Napoleón Bonaparte decía que “la revolución es una idea que ha encontrado bayonetas” y, ciertamente, tratándose de la francesa de 1789, la rusa de 1917 y finalmente la china de 1945, la revolución que era fundamentalmente ideas y programas pero también praxis con indudable calado popular, tenía que triunfar sobre regímenes fuertemente asentados. Para eso necesitaba bayonetas, no votos.
Daba por sentado contar con apoyo popular por el repudio que generaba el régimen contra el cual luchaba, y ese respaldo se comprobaría con los votos que se contarían después. Primero vencer y después convencer. Pero luego que las revoluciones triunfaron, no se preocuparon de contar los votos porque presumían tenerlos (más bien consideraron que contarlos era un estorbo prescindible) y por eso continuaron con las bayonetas para instaurar su propio dominio más férreo y despótico que el anterior, pero mucho más ineficaz y ladrón que su predecesor.
Pero siempre llega el momento en que las bayonetas deciden hacer las cosas por su cuenta, sin socios ni tutelas, sin pagar el costo de lo que compartieron, y ponen una de ellas para que acabe con el desorden, administre algo mejor y robe discretamente. Exactamente hasta ahí llega la revolución, momento cuando ella se torna en el nuevo peor enemigo de las bayonetas.
Definitivamente, ni las revoluciones ni quienes las acaban de facto necesitan ideas ni votos, sólo bayonetas. Entiéndase: las bayonetas no necesitan votos, en cambio muchas veces, no siempre, los votos necesitan bayonetas. Todas las revoluciones son paradojales. Constructivistas y prometientes, ofrecen destruir el mundo anterior y crear uno mejor que el que destruyen, pero acaban reproduciéndolo al calco, agravando y exacerbando con nuevos protagonistas los vicios y corruptelas que juraban erradicar. Cada revolución crea su propia aristocracia, una clase impenetrable de nuevos privilegiados. El hombre nuevo es simplemente un pelele integrante de una masa de anónimos idénticos. Sometido por su dependencia material y espiritual, no ha sido hecho para pensar sino para actuar y constituye abúlicamente el piso de la revolución.
Las revoluciones son elípticas: arrancan de la nada, ascienden hasta el cenit, luego pierden su potencia y caen en picada hasta estrellarse. Todas terminan en el punto de partida. La francesa terminó restaurando la monarquía que en sus inicios había prometido destruir. La rusa acabó reimplantando un sistema económico explotador como el de los zares y un despotismo peor. La china terminó zambullida en lo mejor y lo peor del capitalismo, con un sistema políticamente más hermético que el régimen mandarín, pero dando de comer a los millones a quienes la revolución continuaba matando de hambre como en lo peor de su época feudal. Las revoluciones a veces se hacen de arriba hacia abajo y a veces de abajo hacia arriba y siempre se desploman en el mismo sentido, pero siempre enriquecen a quienes las dirigen desde arriba y empobrecen a quienes la sostienen y sufren desde abajo.
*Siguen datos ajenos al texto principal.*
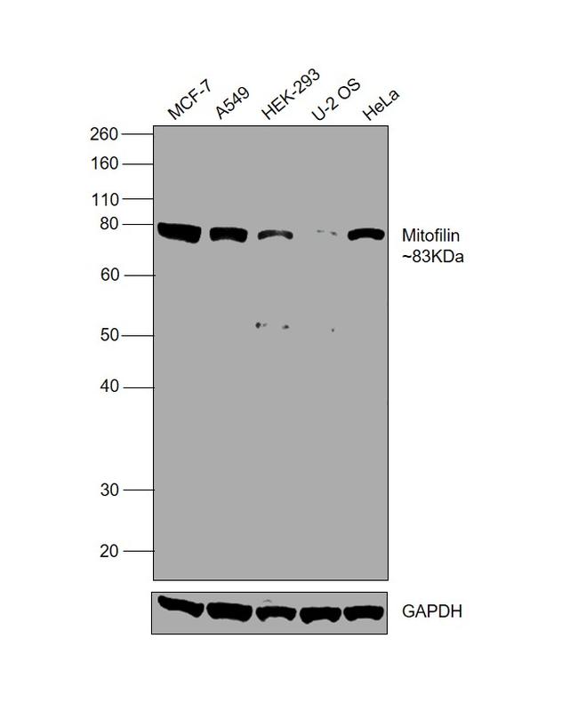 Mitofilin is a transmembrane protein of the inner mitochondrial membrane and it is associated with a large multimeric protein complex of about 1200 kDa. Mitofilin has critical functions in mitochondrial morphology and mitochondrial fusion and fission, specifically in the formation of tubular cristae and cristae junctions. Abnormal mitochondrial morphology has been implicated in many human diseases such as myopathy, cardiomyopathy, rhabdomyosarcoma and Whartin's tumor.

Los de arriba entran pobres y salen ricos de la revolución y los de abajo entran pobres y salen mucho peor, paupérrimos, maltrechos y decepcionados de lo que estaban antes de ella.
Todas las revoluciones son charlatanas, embusteras, ineficaces y ladronas, un delito agravado y continuado porque hacen víctima a toda la sociedad, una enorme hipocresía, un cinismo constante, una estafa colectiva perpetrada bajo la esperanza de redención, la fementida promesa del paraíso que se alcanzaría después de cruzar el infierno. Todas son un fracaso.